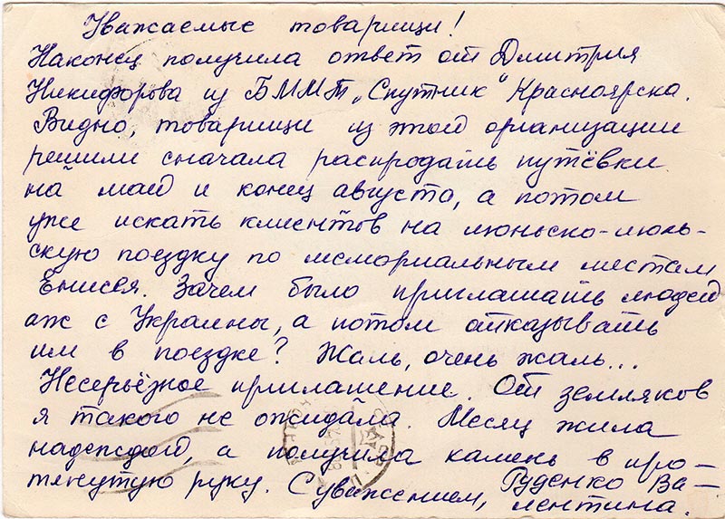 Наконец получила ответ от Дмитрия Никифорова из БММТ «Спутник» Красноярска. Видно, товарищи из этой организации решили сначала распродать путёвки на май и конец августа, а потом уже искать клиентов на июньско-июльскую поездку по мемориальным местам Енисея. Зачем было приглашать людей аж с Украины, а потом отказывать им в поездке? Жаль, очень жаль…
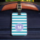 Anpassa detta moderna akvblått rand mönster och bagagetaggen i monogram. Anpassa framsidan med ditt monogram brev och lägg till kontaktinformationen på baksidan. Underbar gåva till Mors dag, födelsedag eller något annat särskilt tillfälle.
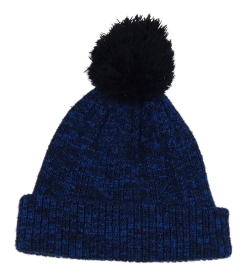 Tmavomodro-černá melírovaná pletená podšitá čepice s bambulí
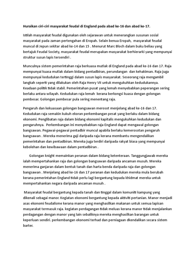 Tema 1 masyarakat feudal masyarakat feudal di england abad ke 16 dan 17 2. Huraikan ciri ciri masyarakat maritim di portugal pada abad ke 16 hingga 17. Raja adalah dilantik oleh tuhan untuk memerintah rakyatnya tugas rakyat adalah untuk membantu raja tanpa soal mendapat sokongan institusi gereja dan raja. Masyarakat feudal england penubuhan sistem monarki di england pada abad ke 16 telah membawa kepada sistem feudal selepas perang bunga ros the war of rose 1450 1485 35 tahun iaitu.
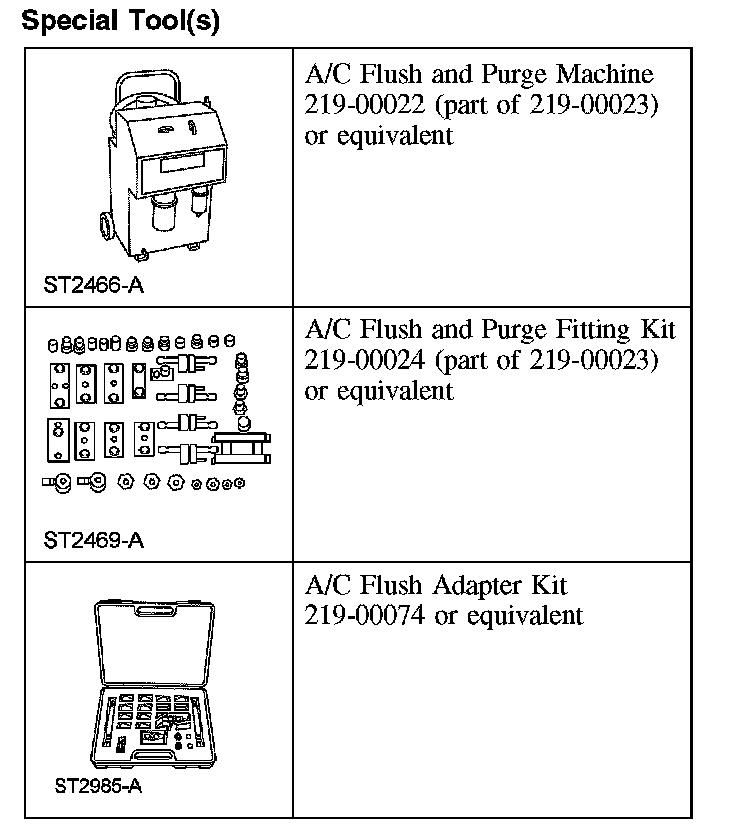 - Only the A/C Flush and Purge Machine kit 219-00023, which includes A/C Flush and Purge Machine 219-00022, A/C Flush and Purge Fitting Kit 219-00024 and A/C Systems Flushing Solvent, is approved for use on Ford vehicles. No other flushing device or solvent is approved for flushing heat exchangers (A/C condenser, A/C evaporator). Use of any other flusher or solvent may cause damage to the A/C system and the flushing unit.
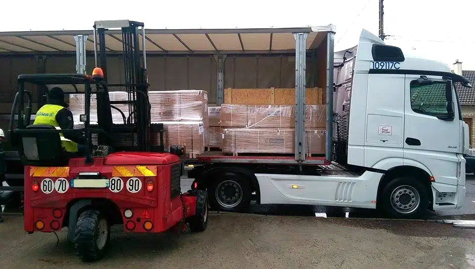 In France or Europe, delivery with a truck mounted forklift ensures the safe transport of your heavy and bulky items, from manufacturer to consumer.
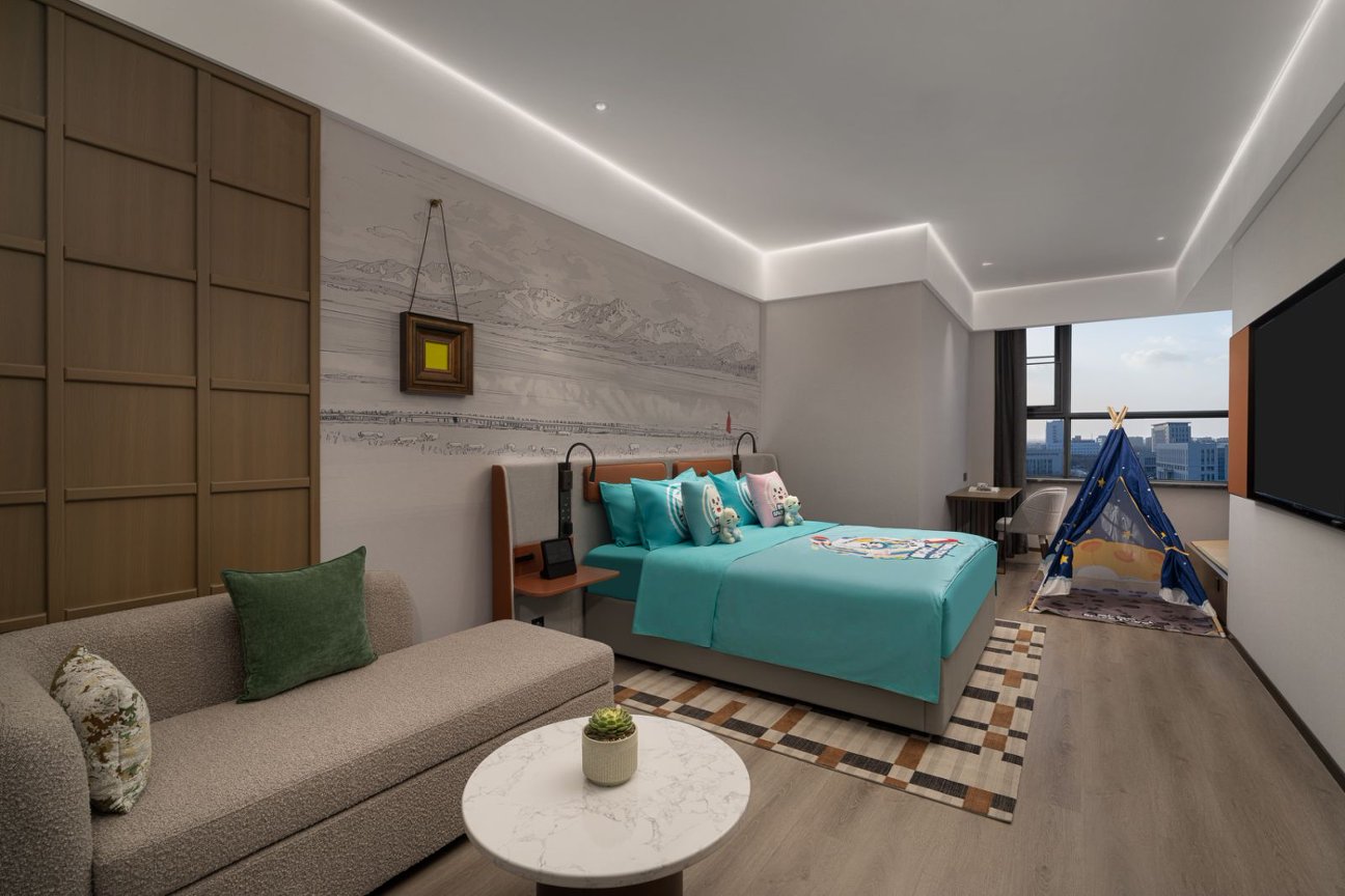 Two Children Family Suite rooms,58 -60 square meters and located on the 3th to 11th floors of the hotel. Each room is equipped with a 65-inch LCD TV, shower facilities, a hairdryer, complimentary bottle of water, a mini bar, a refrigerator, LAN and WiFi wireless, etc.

• • • • •

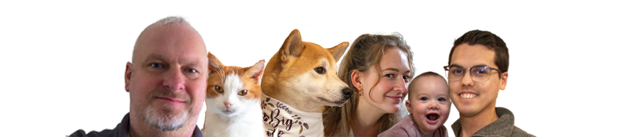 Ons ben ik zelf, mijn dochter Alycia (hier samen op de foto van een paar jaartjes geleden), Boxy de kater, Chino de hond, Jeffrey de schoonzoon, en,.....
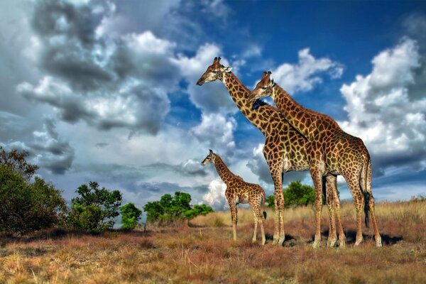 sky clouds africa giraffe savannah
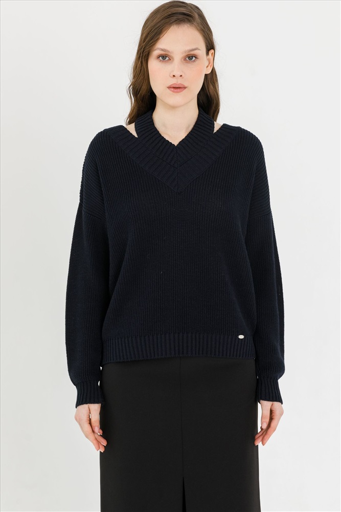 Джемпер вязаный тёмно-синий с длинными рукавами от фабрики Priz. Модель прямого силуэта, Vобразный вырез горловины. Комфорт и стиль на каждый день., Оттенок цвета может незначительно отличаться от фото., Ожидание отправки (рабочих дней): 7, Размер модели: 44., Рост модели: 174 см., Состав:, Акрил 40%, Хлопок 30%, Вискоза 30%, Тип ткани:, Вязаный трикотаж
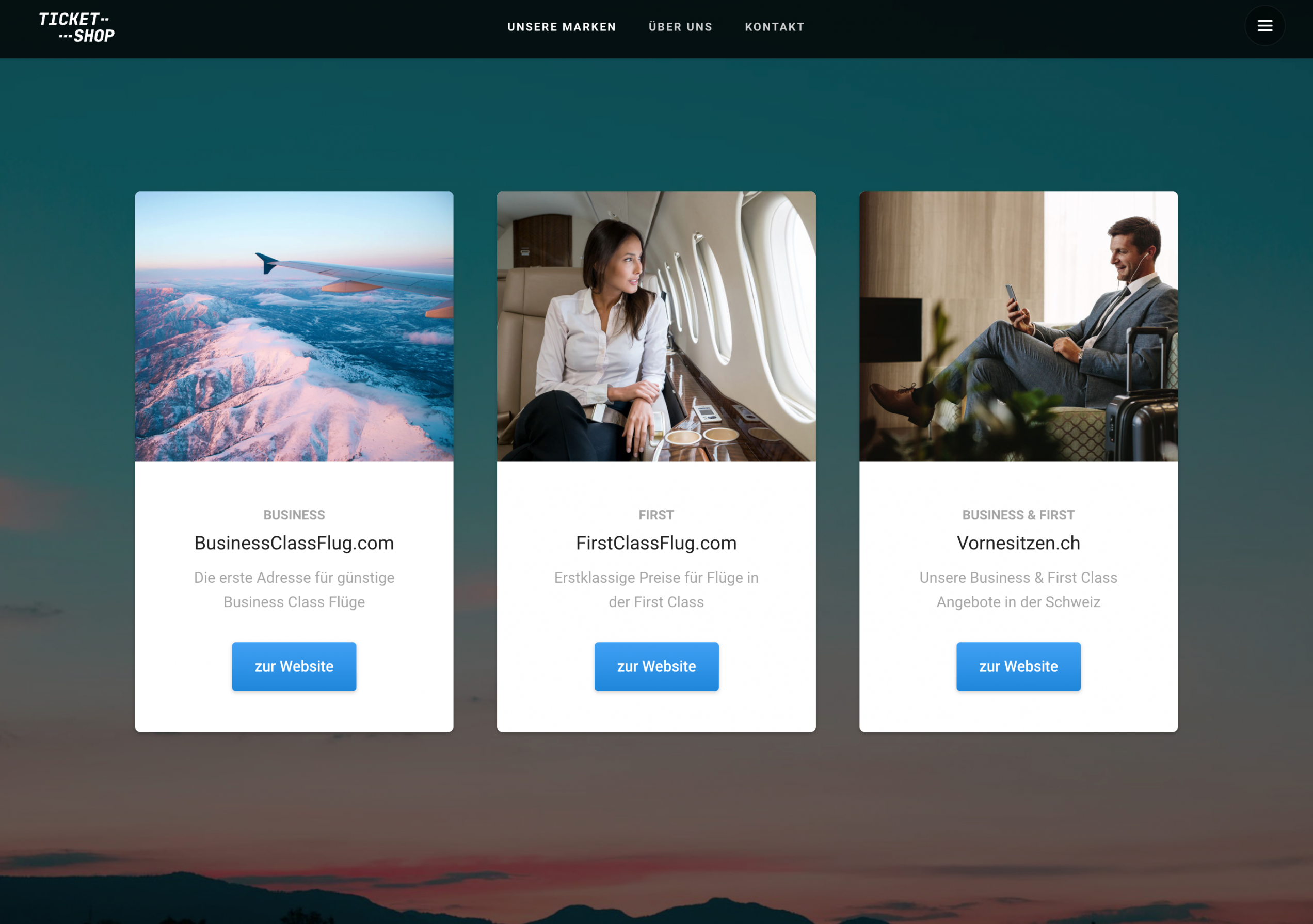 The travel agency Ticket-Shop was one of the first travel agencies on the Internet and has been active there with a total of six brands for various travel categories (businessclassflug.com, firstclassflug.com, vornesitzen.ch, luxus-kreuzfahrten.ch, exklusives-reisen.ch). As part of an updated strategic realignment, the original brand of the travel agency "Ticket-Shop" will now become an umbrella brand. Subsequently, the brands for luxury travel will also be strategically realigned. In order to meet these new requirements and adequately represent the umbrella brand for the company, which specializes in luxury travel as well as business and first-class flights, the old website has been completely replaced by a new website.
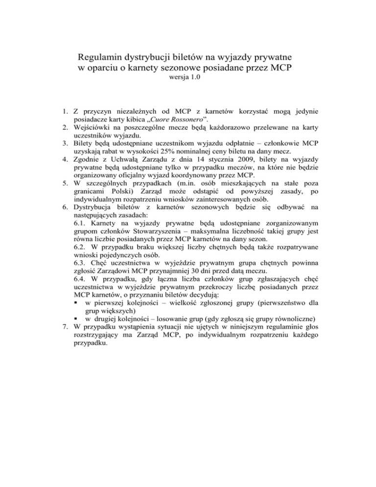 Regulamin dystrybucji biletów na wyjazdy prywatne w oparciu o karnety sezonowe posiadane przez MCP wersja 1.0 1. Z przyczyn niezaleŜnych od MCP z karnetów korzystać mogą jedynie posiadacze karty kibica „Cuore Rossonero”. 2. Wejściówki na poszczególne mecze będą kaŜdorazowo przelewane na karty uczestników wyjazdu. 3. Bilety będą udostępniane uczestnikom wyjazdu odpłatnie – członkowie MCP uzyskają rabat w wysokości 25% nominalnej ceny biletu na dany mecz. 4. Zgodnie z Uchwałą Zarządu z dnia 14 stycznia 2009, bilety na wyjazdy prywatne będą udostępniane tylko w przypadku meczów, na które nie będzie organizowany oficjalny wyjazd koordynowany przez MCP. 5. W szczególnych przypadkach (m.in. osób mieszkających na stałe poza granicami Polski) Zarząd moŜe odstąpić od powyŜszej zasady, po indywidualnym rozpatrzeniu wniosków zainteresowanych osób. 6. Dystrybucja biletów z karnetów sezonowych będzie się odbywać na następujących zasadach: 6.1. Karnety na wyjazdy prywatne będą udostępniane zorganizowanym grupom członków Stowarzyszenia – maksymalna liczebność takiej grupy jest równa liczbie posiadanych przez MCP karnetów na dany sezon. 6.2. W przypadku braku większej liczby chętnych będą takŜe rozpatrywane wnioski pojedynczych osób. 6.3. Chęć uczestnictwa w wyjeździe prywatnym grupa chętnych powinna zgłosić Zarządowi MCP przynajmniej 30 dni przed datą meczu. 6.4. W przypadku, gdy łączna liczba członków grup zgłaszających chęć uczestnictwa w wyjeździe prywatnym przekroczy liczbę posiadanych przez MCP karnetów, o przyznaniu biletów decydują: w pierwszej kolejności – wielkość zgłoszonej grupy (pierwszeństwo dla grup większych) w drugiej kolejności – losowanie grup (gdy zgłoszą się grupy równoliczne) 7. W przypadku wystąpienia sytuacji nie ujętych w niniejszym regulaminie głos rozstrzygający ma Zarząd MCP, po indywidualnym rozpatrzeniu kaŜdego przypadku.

• • • • •

:: What this task involves ::
Above are the records. Copy word for word only their lines from the one holding "sky clouds africa giraffe savannah" through the one holding "The travel agency Ticket-Shop", both included, and skip the images.

:: Answer to this exercise ::
 sky clouds africa giraffe savannah
 Джемпер вязаный тёмно-синий с длинными рукавами от фабрики Priz. Модель прямого силуэта, Vобразный вырез горловины. Комфорт и стиль на каждый день., Оттенок цвета может незначительно отличаться от фото., Ожидание отправки (рабочих дней): 7, Размер модели: 44., Рост модели: 174 см., Состав:, Акрил 40%, Хлопок 30%, Вискоза 30%, Тип ткани:, Вязаный трикотаж
 The travel agency Ticket-Shop was one of the first travel agencies on the Internet and has been active there with a total of six brands for various travel categories (businessclassflug.com, firstclassflug.com, vornesitzen.ch, luxus-kreuzfahrten.ch, exklusives-reisen.ch). As part of an updated strategic realignment, the original brand of the travel agency "Ticket-Shop" will now become an umbrella brand. Subsequently, the brands for luxury travel will also be strategically realigned. In order to meet these new requirements and adequately represent the umbrella brand for the company, which specializes in luxury travel as well as business and first-class flights, the old website has been completely replaced by a new website.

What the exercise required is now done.